President Uhuru Kenyatta was right to describe the South Korean economic growth since independence in 1963 as an example that demonstrates what a country can achieve in one generation provided it has a visionary leadership.

President Uhuru Kenyatta and Deputy President William Ruto escort President Park Geun-hye of South Korea on arrival at State House, Nairobi. [PHOTO: PSCU]

The hope is that South Korean President Park Geun-hye’s three day visit earlier this week re-ignited the vision of Kenyan leadership that seems to have been side-tracked by the cacophony of political noises swirling around it.

As the saying goes, the taste of the pudding is in the eating. Kenyans will, therefore, hope to see evidence of a re-ignited visionary leadership in several areas. Local leadership will be doing the country a favour were it to take advantage of South Korea’s global leadership in e-government as there is compelling evidence that it leads to a leaner, more transparent and efficient administration.

This has the potential to lead to huge savings in public expenditure with Kenya’s Auditor-General and Controller of the Budget estimating it could be as high as a third of the country’s annual budget which currently stands at slightly over two trillion shillings. A conservative estimate is that the money saved could be as high as Sh700 billion going by the 2016/17 financial estimates.

This amount is so huge that the corrupt individuals benefiting from shady deals would be expected to fight tooth and nail to maintain their stranglehold on contracts and the only way to cut them off is by moving ruthlessly against them by first sending home and prosecuting their enablers in government, departments and agencies.

Some of the monies saved could then be used to assist the potential and existing owners of small and medium-size businesses with special emphasis on those in manufacturing.

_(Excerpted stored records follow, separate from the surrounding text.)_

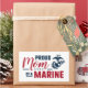 Cette conception célèbre la fierté et le soutien de la mère d’une Marine avec l’expression "Proud Mom of a Marine" en couleurs vives et audacieuses. La composition reflète l'amour, l'honneur et l'admiration pour le dévouement et le service du Corps des Marines des États-Unis.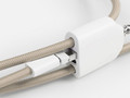 Кабель в прочной нейлоновой оплетке не заламывается и не путается, а закрепленные в гнездах держателя адаптеры с разъемами USB-A и Apple Lightning выручат в любой ситуации.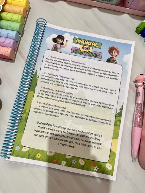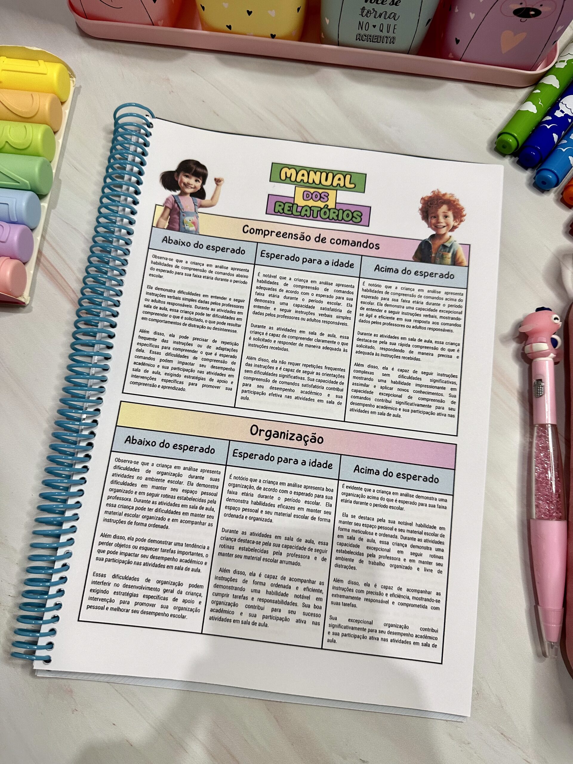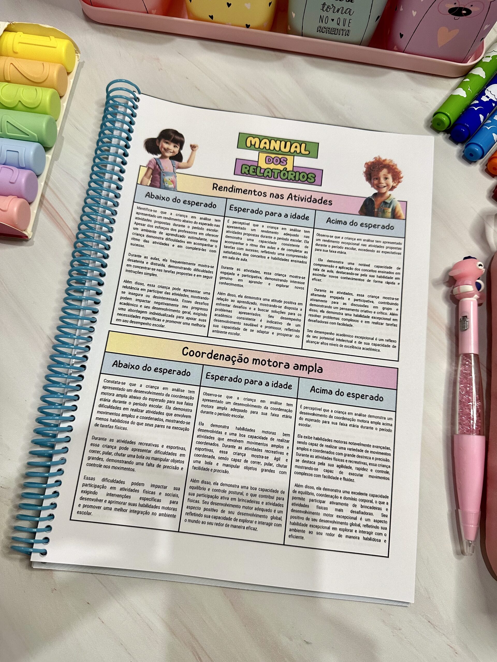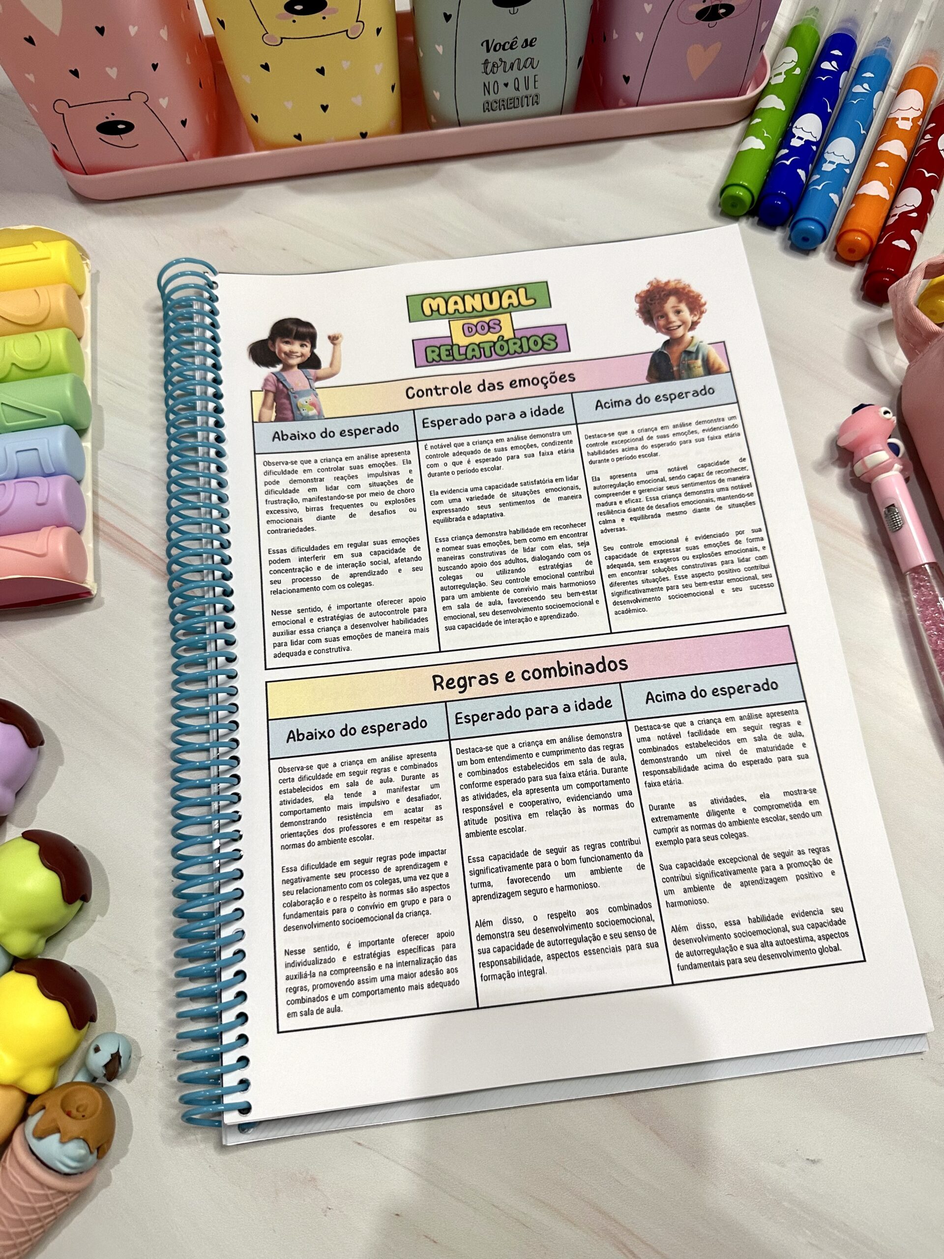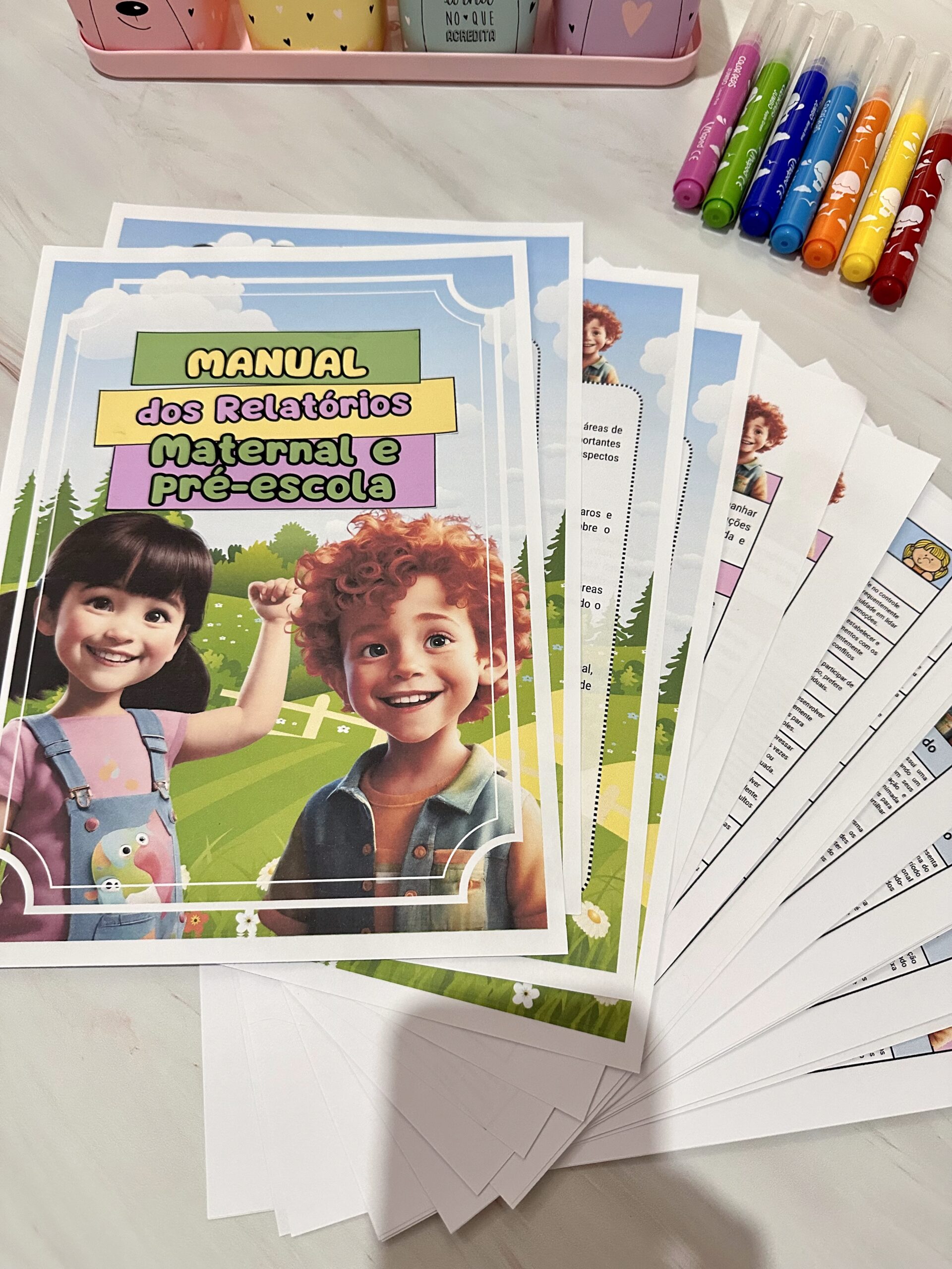 O Manual dos Relatórios é a ferramenta ideal para professores que buscam qualidade, agilidade e personalização. Com ele, você transforma o processo de elaboração dos relatórios das crianças do Maternal e Pré-Escola em algo simples e organizado!

In this regard, the Government might do well to take a second look at the over 150 entrepreneurs operating from Kariobangi light industries who are in the process of setting up the  Sh4 billion Viken Thirty Industrial Park in Ruai, Nairobi.

This would give the Government an idea of what these entrepreneurs, whose somewhat modest ambition is to raise the country’s share of the regional market from seven to 15 per cent, require to operate their businesses at optimum levels. The Government may be surprised to learn that more than financial help, these entrepreneurs require mentorship from global manufacturing firms such as those found in South Korea. The entrepreneurs may also require introduction into the global markets.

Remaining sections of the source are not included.